### DATA FOR REVIEW
= Beginning of Section =

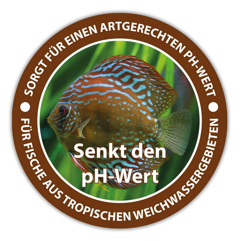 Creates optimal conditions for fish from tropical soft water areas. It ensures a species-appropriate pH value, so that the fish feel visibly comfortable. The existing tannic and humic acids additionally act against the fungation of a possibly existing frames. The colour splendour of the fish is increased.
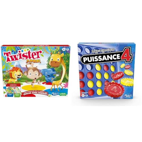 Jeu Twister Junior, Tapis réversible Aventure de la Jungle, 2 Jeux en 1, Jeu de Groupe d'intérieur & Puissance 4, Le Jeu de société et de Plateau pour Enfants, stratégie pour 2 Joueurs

= End of Section =
= Beginning of Section =

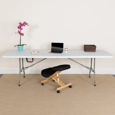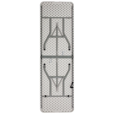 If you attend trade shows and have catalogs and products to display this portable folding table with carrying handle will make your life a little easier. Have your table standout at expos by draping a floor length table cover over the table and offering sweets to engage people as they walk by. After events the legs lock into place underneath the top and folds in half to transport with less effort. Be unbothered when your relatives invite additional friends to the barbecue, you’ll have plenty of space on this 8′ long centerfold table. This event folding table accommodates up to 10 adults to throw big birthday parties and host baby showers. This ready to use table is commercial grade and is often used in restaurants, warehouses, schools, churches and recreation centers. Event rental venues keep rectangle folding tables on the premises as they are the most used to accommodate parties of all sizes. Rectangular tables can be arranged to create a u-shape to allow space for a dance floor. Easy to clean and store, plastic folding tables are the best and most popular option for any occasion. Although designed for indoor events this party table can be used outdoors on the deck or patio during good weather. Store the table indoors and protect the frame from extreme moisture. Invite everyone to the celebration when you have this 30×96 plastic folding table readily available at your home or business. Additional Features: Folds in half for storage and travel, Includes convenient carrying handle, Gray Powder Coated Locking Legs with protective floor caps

= End of Section =

Go back to the listing above and write out the lines starting at the one with "Creates optimal conditions" and ending at the one with "Jeu Twister Junior, Tapis", inclusive, exactly and without pictures.

 Creates optimal conditions for fish from tropical soft water areas. It ensures a species-appropriate pH value, so that the fish feel visibly comfortable. The existing tannic and humic acids additionally act against the fungation of a possibly existing frames. The colour splendour of the fish is increased.
 Jeu Twister Junior, Tapis réversible Aventure de la Jungle, 2 Jeux en 1, Jeu de Groupe d'intérieur & Puissance 4, Le Jeu de société et de Plateau pour Enfants, stratégie pour 2 Joueurs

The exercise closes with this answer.